Überall immer nur dieselben Geschichten und Genres, endlose Ansammlungen von Helden in Strumpfhosen und neu aufgekochten Abenteuern, die vor fünfzig, dreißig oder sogar zehn Jahren schon besser erzählt wurden. Dieses Wochenende habe ich The Amazing Spider-Man durchlitten und obwohl ich ungern in den allgemeinen Pessimismus bezüglich der Ideenlosigkeit Hollywoods einstimme, war ich bei Ansicht des Films kurzzeitig so weit, eine Brandschrift gegen Reboots zu schreiben. Diese Wut verflog allerdings ebenso schnell wie die Schaumkrone auf meinem Jever. Allein ein Blick auf die Kinostarts der zweiten Jahreshälfte 2012 lässt Optimismus aufkeimen. Denn wie die beiden New York Times-Autoren Manohla Dargis und A.O. Scott jüngst in einem Artikel feststellen, trauen sich immer mehr Big Budget-Produktionen, mit traditionellen Erzählkonventionen zu spielen. Daran sind unsere veränderten Sehgewohnheiten nicht ganz unbeteiligt.
In ihrem schriftlichen Zwiegespräch diskutieren Dargis und Scott über die sogenannten Mind Game Movies, eine Bezeichnung, die auf den Filmtheoretiker Thomas Elsaesser zurückgeht. In jüngeren und durchaus unterschiedlichen Filmen wie Anna Karenina, Cloud Atlas – Alles ist verbunden, Life of Pi: Schiffbruch mit Tiger, The Master und Holy Motors werde mit den klassischen Erzählkonventionen gespielt. Konkret bedeutet dies: Die Filme verzichten auf oder spielen mit linearen Erzählweisen und eröffnen den Zuschauern mehr Rätsel, als dass sie Erklärungen bieten. Dazu meint A.O. Scott: “Es ist witzig, wie die Leute sich über Spoiler aufregen, obwohl sich so viele Geschichten ähneln. Das liegt zum Teil daran, dass viele Filme es sich in etablierten Genres gemütlich machen und oft suchen Zuschauer gerade diese angenehme Vertrautheit. Wir wissen, welche RomCom-Figuren zusammenkommen, genauso wie wir wissen, dass der Franchise-Held – egal ob Harry Potter, James Bond oder Spider-Man – den Anstrengungen des fiesen Bösewichts widerstehen wird, und dieses Vorwissen bietet die Grundlage für die Thrills und Spannung, die wir auf dem Weg dahin durchleben.”

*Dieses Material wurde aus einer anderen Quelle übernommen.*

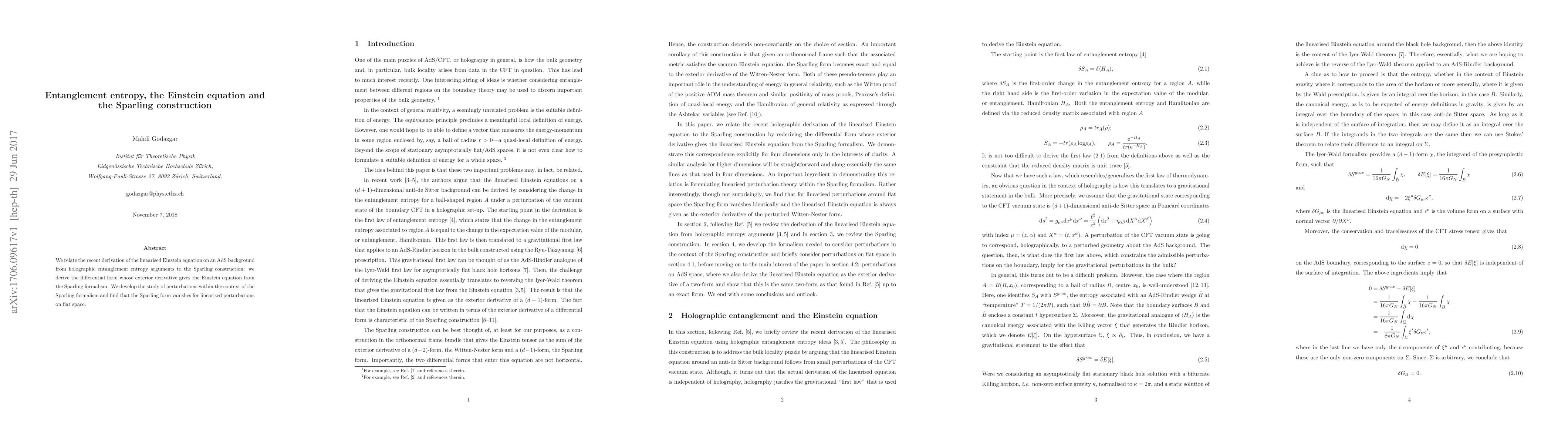 We relate the recent derivation of the linearised Einstein equation on an AdS background from holographic entanglement entropy arguments to the Sparling construction: we derive the differential form whose exterior derivative gives the Einstein equation from the Sparling formalism. We develop the study of perturbations within the context of the Sparling formalism and find that the Sparling form vanishes for linearised perturbations on flat space.

In dem Artikel verweist A.O. Scott darauf, dass Genre-Konventionen nicht an sich negativ konnotiert sind, immerhin folgen einige der großen Klassiker des Kinos einfachen Erzählmustern, die schon Märchen strukturierten. Doch ebenso sei es spannend, etwas neues, etwas riskantes zu betrachten und genau das meinen die beiden New York Times-Autoren in oben genannten Filmen zu erkennen. In Anna Karenina wird die altbekannte Geschichte der russischen Titelheldin als komplexes Bühnenspektakel inszeniert, in das sich der Zuschauer erst einmal einarbeiten muss. Life of Pi, ebenfalls eine Literaturverfilmung, verlässt sich auf eine scheinbar simple Parabel, um dem Zuschauer am Ende den Boden unter den Füßen wegzureißen. The Master und Holy Motors, die arthousigsten Einträge, die Scott und Dargis nennen, verzichten ebenfalls auf klassische Erzählmuster und übergeben die Deutungshoheit gleich ganz an den Zuschauer. Das 100 Millionen Dollar-Abenteuer Cloud Atlas von Andy Wachowski, Lana Wachowski und Tom Tykwer verschachtelt gar sechs verschiedene Geschichten aus sechs verschiedenen Zeitebenen und garniert das Ganze mit einem kleinen Cast und ganz vielen Masken.